事業モデル
アニコムグループは、保険持株会社として経営管理を行いながら、ペット保険を中心とした多角的な事業展開を行っています。主な事業構成は、損害保険事業のほか、動物病院運営や健康イノベーション3970といった医療・予防領域を含む複数のセグメントで構成されています。
これらの事業は「川上」から「川下」までを網羅する有機的なポートフォリオとして設計されており、ブリーディングサポートから高度な医療提供までを一貫して支える体制を構築しています。保険契約者や動物病院との接点を活用し、予防・未用意領域における商品やサービスの拡充を図ることで、グループ間のシナジー発揮を目指しています。
KPI
損害保険事業においては、保有契約件数が1,392,772件に達しており、堅調な伸長を継続しています。当連結会計年度の新規契約件数は266,231件(前年同期比8.3%増)と、良好な推移を見せています。
一方で、保険引受におけるE/I損害率は62.2%となり、前年同期比で1.6ポイント上昇しています。また、既経過保険料ベースの事業費率も32.8%(前年同期比0.5ポイント増)となっており、これらを合算したコンバインド・レシオは95.0%に達しています。
成長ドライバー
成長の源泉は、ペット保険を核とした強固な顧客基盤と、それに関連する多角的な事業展開にあります。特に「健康イノベーション事業」や「動物病院運営事業」といった医療・予防領域への投資により、単なる保険提供を超えた価値提供を目指しています。
また、139万頭を超える保有契約から得られる膨大な診療データや、独自の医療ネットワークを活用したシナジーが成長を牽引します。これらのデータを活用し、病気のリスク要因の特定や発症確率の解明を進めることで、予防型ペット保険の確立に向けた取り組みを推進しています。
リスク
主要なリスクとして、売上の約90%を占めるペット保険事業が、国内の経済環境の変化や人獣共通感染症の発生により、飼育頭数の減少から影響を受ける可能性が挙げられています。また、大手損害保険会社や他業種からの参入による競争激化も、契約数や保険料単価に影響を及ぼす要因となります。
さらに、動物の疾病発症率や医療費水準の上昇に伴う損害率の上昇リスクや、資産運用における金利・株価変動の影響も認識されています。これらに対し、同社はERM(統合的リスク管理)を推進し、適切な資本配分とモニタリング体制の構築を通じて経営の健全性を確保する方針です。
競合
ペット保険市場においては、大手損害保険会社の参入や他業種からの参語など、競争が激化する環境にあります。競合他社との差別化を図るため、同社は単なる保険提供にとどまらない独自の強みを持たせる戦略をとっています。

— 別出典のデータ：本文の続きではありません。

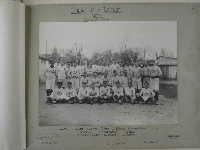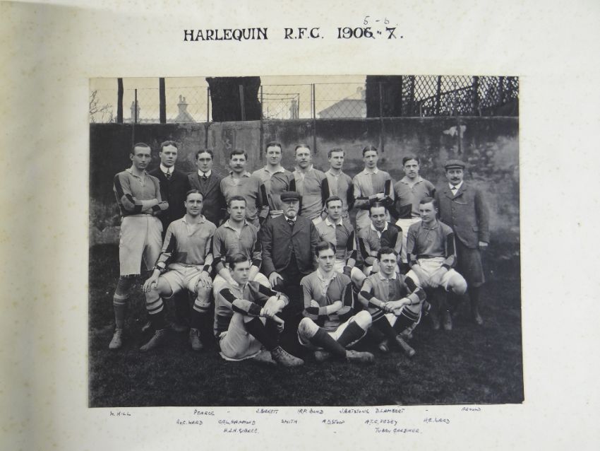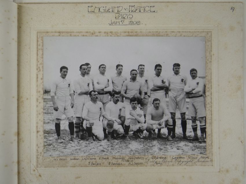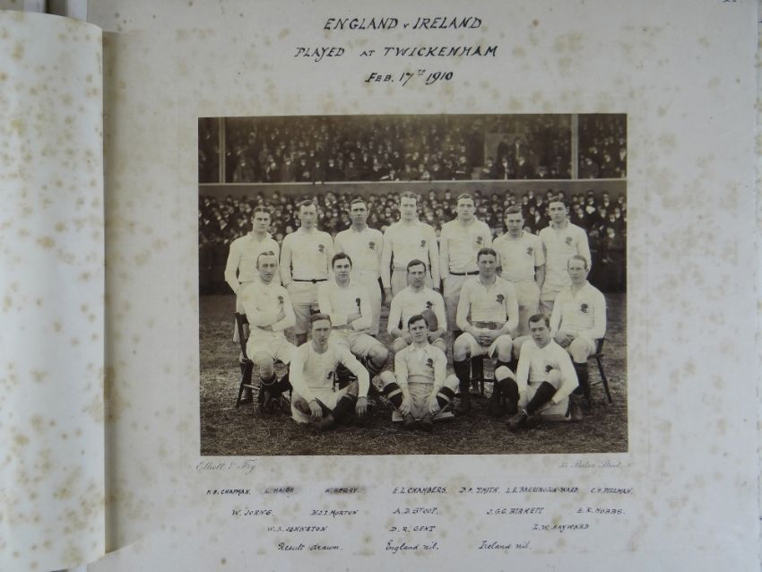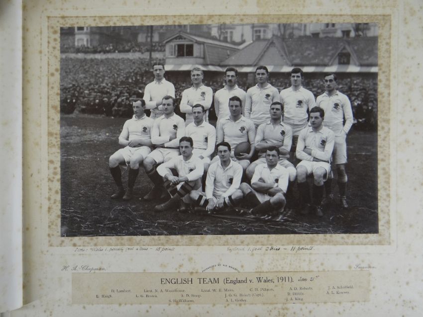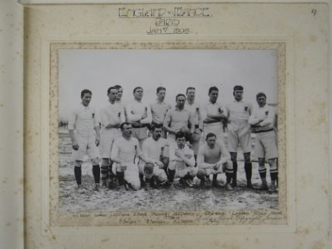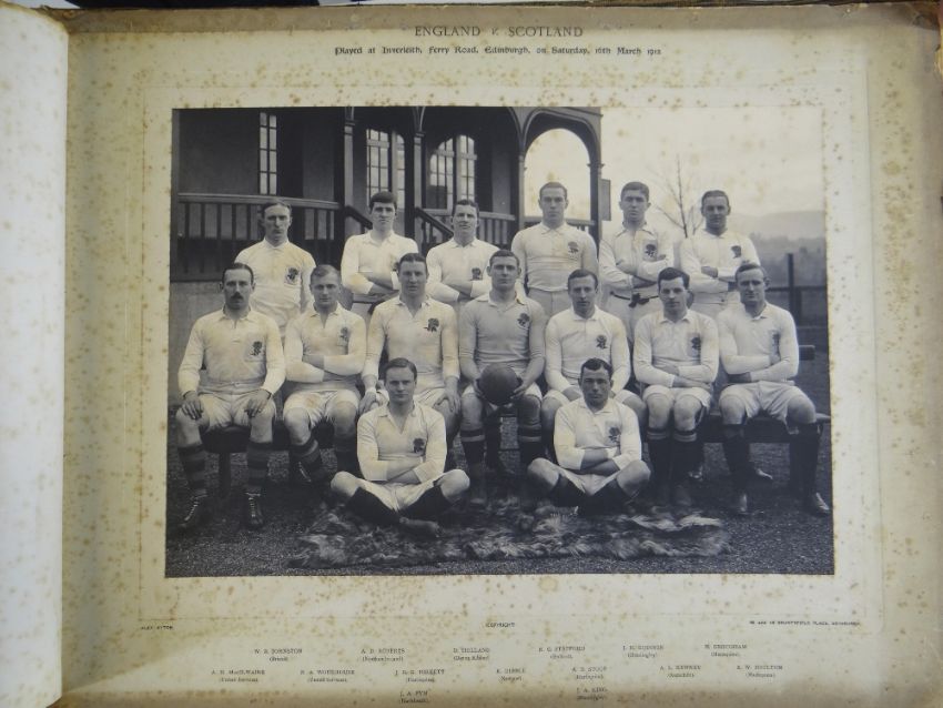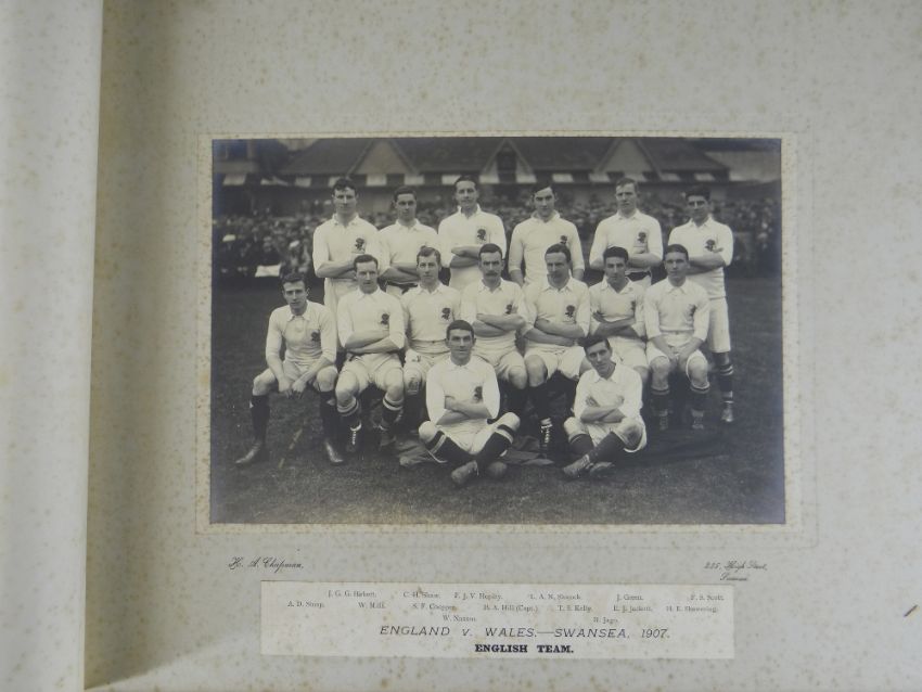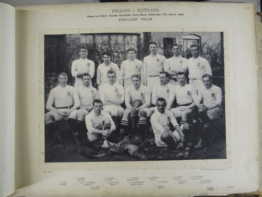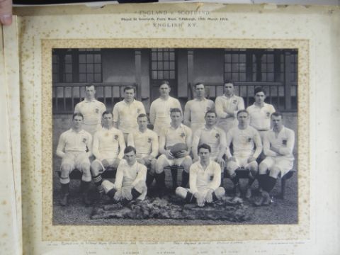 A COMPREHENSIVE PHOTOGRAPH ALBUM RELATING TO THE RUGBY UNION CAREER OF JOHN GUY GILBERNE BIRKETT (1884-1967) including official England International Rugby Union team photographs, school and club photographs, 1900 through to 1912 Almost all photographs laid to traditional presentation boards, team members printed or handwritten. Also present are newspaper cuttings, telegrams and menu cards, there are 44 team photographs with 20 being official England team photographs, main items listed as follows:1. Team photo Colvin House, Haileybury College 19002. Ditto (Cock-House) 19023. Haileybury College XV 19024. Unknown signed ‘Menu Card’5. Stade Francais v Brighton match report6. Brighton Football Club 1903-47. Ditto 1904-58. Barbarians 1907-79. Ditto 1908-910. Harlequin RFC 1906-7 (corrected to 1905-6)11. England v Scotland 1906 (J G G Birkett’s debut)12. England v France (Paris) 1906 (small)13. England v South Africa 190614. Rugby Football Union Dinner to the South African Team 190615. Harlequins FC 1906-7 (2 x) 16. England v France 190717. England v Wales 190718. England v Scotland 190719. Harlequins RFC 1907-820. England v France 190821. England v Wales 190822. England v Ireland 190823. England v Scotland 190824. Harlequins RFC 1909-1025. RFU England v Wales 191026. England v Ireland 191027. England v Scotland 191028. Harlequins RFC 1910-1129. Harlequins untitled with 6 x players30. England v Wales 1911 (with telegram to family and cuttings)31. England v France 1911 (with cuttings) 32. Menu card for Ireland v England 1911, six signatures33. England v Ireland 1911 (with telegram to family)34. England v Scotland 191135. Harlequins RFC 1911-1236. England v Wales 191237. England v Ireland 191238. England v Scotland 191239. England v France 191240. Harlequins 1919-2041. Harlequins Past v Harlequins Present (undated)42. Old Cocks v Eton CollegePlease see Lots 574 for more information of J G G Birkett. Please note the heavy weight of this item.Provenance: the vendors of the Birkett Sporting Archive are the great grandsons of J G G Birkett (1884-1967), and the great-great-grandsons of Reg BirkettSee our digital catalogue for this collection with further images here https://bit.ly/2PixOMn

具体的には、ブリーディングサポートから高度医療までをカバーする「川上から川下」の連携によるエコシステムの構築です。この独自な事業構造により、他社との差別化を図りつつ、ペット保険のニーズの顕在化を捉えた強固なポジションの確立を目指しています。
バリュエーション
2026年8月17日時点の市場データにおいて、同社の株価は1,092円となっています。この時点での時価総額は約829.4億円と算出されています。
また、同日のデータに基づくPERは38.31倍、PBRは2.86倍となっており、配当利回りは1.19%を記録しています。